Dakota Chang ’23, Cluster Co-President of Pine Knoll, reminisced on her first ASM as a freshman. Reflecting on the influence of the Seniors during her Junior year, Chang emphasized the importance of community throughout her experience at Andover.
Chang said, “I entered as a freshman, so when I was sitting [at my first ASM], I was like ‘Wow, Americans are so loud.’ And then I [heard the Seniors] cheer, and I’m like ‘You know what? Maybe they’re not loud, they’re just really spirited. They like this place and this is how much they feel for this place.’ And being a Senior here, and being able to just shout ‘’23,’ being able to perform for the Class of ’23, have everyone get hyped up, that meant a lot to me because I think the first ASM during my freshman year held significance where I realized Andover is a school of community.”

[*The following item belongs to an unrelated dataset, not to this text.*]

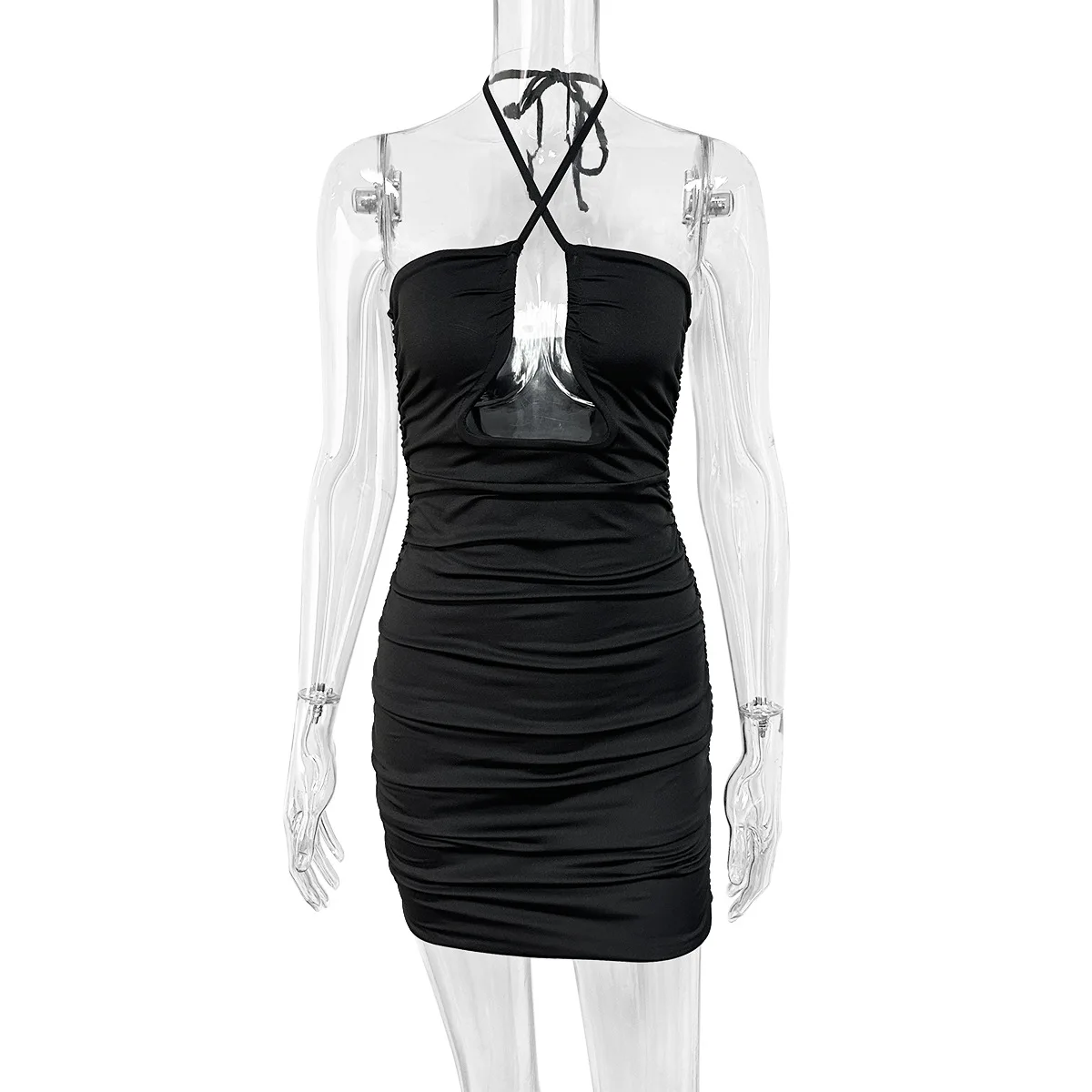 Summer Sexy Neck Lace-up Dress New Fishbone Hollow Pleated Suspender Mini Women Party Dresses Plus Size 9XL 8XL 7XL 6XL XXXXXL

New international students Iwo Wiciński ’24 and Maya Rogers ’25 shared personal anecdotes on what they believed were qualities shared by all Andover students. Wiciński shared how he had at first considered turning down the opportunity to speak at the assembly before changing his mind after realizing that the possibility of such an opportunity was the very reason he had decided to attend Andover.
“At that exact moment, I realized that stepping out of your comfort zone is the very beginning of creating your own better future. And what unites us all more than caring about our own futures? We all chose the best school in America, not to get comfortable, but to get better. So that we work, sweat, and at times even [shed] tears, every person could build a dream future, different for everyone, but one for us all,” said Wiciński.
To conclude the meeting, Dr. Raynard Kington, Head of School shared some closing remarks, including advice to capture the small details, focus and lean on community, and treat yourself. He concluded by wishing students a wonderful year.
“As our returning students know, your Andover days will mark some of the best and some of the most challenging times, moments that will stick with you, experiences with friends who will stick by you for the rest of your lives. So make this an extraordinary year, let’s seize this moment with purpose, with Big Blue heart, with great joy.”
Piper Lasater ’26 acknowledged that it would take time to internalize Dr. Kington’s advice. However, she noted that simply being a part of this moment has opened the door to community and opportunity.
“I think it’s hard for me to process because I think it’ll set in more when I’m older, like Senior year when I’m about to leave high school. But even just getting here, his words really did stick, because I have noticed there’s just so many great people to meet here and so many opportunities,” said Lasater.
Editor’s Note: Dakota Chang ’23 is a Digital Editor for The Phillipian.